Los medios de comunicación, los semiproscritos partidos políticos y las centrales sindicales se unieron al carro de los presuntos vencedores. Había que ver aquellas crónicas, aquellos editoriales, que calificaban de gesta la invasión por sorpresa de las islas a cargo de cientos de soldados argentinos y la rendición de unas docenas de royal marines británicos, no sin antes haber causado un muerto y varios heridos a los atacantes.

Saúl Ubaldini, líder de una de las ramas de la poderosa central sindical CGT, viajó a las Malvinas, junto con una representación de políticos. La televisión le mostraba comprando recuerdos en una tienda de Port Stanley, la capital de las islas, que, tras algunas vacilaciones, fue rebautizada finalmente con el nombre de Puerto Argentino. Quizá los desarrollistas del MIR fueron los únicos que discretamente se opusieron a lo que entonces era una hazaña bélica y más tarde sería una desastrosa aventura. Las señoras de clase acomodada donaban algunas de sus joyas para la causa, y los más populares presentadores detelevisión hacían programas especiales para recaudar fondos. "Al fin estamos unidos, aunque sea por los milicos", decía algún ingenuo.

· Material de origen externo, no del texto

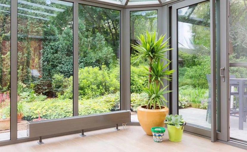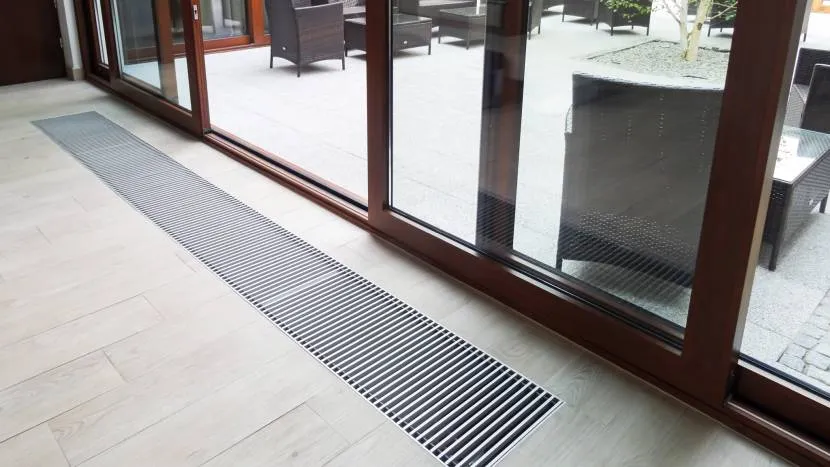 Последнее обстоятельство выступит несомненным плюсом в помещениях с панорамными окнами. Если расположить под ними конвектор, то конденсат в зимнее время не появится. Нередко небольшую модель встраивают в пол прямо у входной двери и тогда холодный воздух просто не способен проникнуть с улицы. Вариант отлично работает для помещений с большой проходимостью.
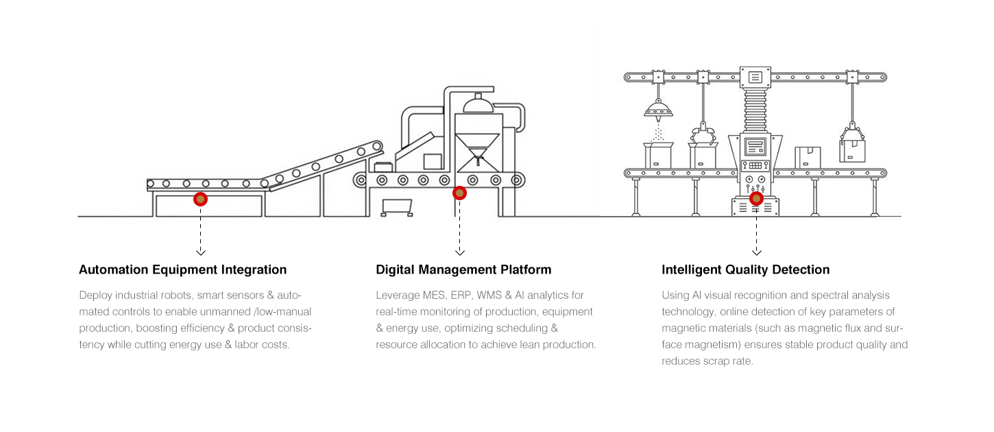 Jinlun Magnet este o întreprindere inovatoare din punct de vedere tehnologic, cu o scară de producție în dezvoltare rapidă, iar performanța produsului și capacitatea de producție sunt la nivel înalt în industrie. Se insistă pe modernizarea și transformarea continuă a echipamentelor și proceselor de producție pentru a crea un atelier digital inteligent care urmărește întregul ciclu de viață al produselor.

Por muchas listas que se confeccionaron, muchas esperas junto al teléfono del hotel, muchos impresos rellenados, fue imposible para los centenares de corresponsales extranjeres llegados a Buenos Aires el viajar a las Malvinas. Ni siquiera cuando el entonces exultante general Galtieri visitó las islas, vestido con traje de campaña, y exhortó a sus hombres a defenderlas hasta la muerte. Sólo un escogido equipo de la televisión argentina y algun que otro fotógrafo pudieron votar en los aviones militares a las Malvinas.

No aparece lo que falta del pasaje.